CQT Online Talks – Series: Computer Science Seminars

Speaker: Priyanka Mukhopadhyay, Institute for Quantum Computing and Department of Combinatorics and Optimization, University of Waterloo
Abstract: We investigate the problem of synthesizing T-count and T-depth optimal quantum circuits over the Clifford+T gate set. Our results can be summarized as follows.
1. We study the channel representation of exactly synthesizable unitaries. Our observations lead to compact representation of these channel representations and much more efficient algorithms for inverse, multiplication. These also pave the way for our heuristic algorithms.

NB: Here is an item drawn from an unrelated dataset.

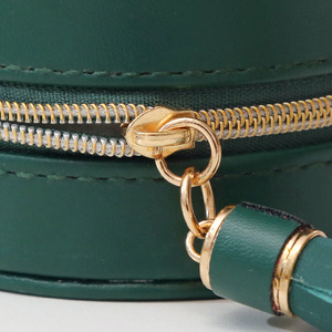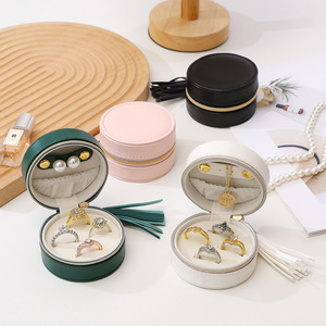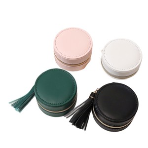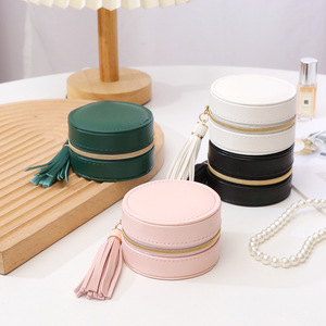 PUレザー製丸型タッセル付きジッパー式指輪・イヤリング・ネックレス用ジュエリーボックス、携帯用ミニ収納リングケース

2. Modifying the meet-in-the-middle (MITM) algorithm of Gosset et al. (2013) we introduce nested MITM technique that leads to provable algorithms for synthesizing T-count optimal circuits. Though we cannot avoid the exponential (in T-count) complexity, we get a space-time trade-off.
3. We apply the nested MITM technique to synthesize T-depth optimal circuits using channel representation of unitaries. We get a provable algorithm that has much less complexity than the provable algorithm of Amy et al.(2013). As a result, a task they take more than 4 days to complete, can be done by us in about 2 secs.
4. We design a polynomial (in T-count) complexity heuristic algorithm for synthesizing T-count optimal circuits. This is a significant improvement over any previous T-count-optimal synthesis algorithm. For example, we can synthesize the T-count optimal circuit for 4-qubit adder in about 7 mins with 1 core, while the parallel algorithm of Di Matteo and Mosca (2016) takes 12.5 hours with 4096 cores.
5. We design a quasi-polynomial complexity heuristic algorithm for synthesizing T-depth optimal circuits. We do not know whether the two conjectures can be derived from each other. With this we can synthesize previously unknown T-depth optimal circuits for many standard 3-qubit unitaries like Fredkin, Peres, Negated Toffoli, Quantum XOR in about 30 mins.

The results in this talk combine the results from two of our papers: (1) A polynomial time and space heuristic algorithm for T-count (arXiv:2006.12440), authored by Michele Mosca and Priyanka Mukhopadhyay, and (2) A quasi-polynomial time heuristic algorithm for synthesizing T-depth optimal circuits (arXiv:2101.03142), authored by Vlad Gheorghiu, Michele Mosca and Priyanka Mukhopadhyay.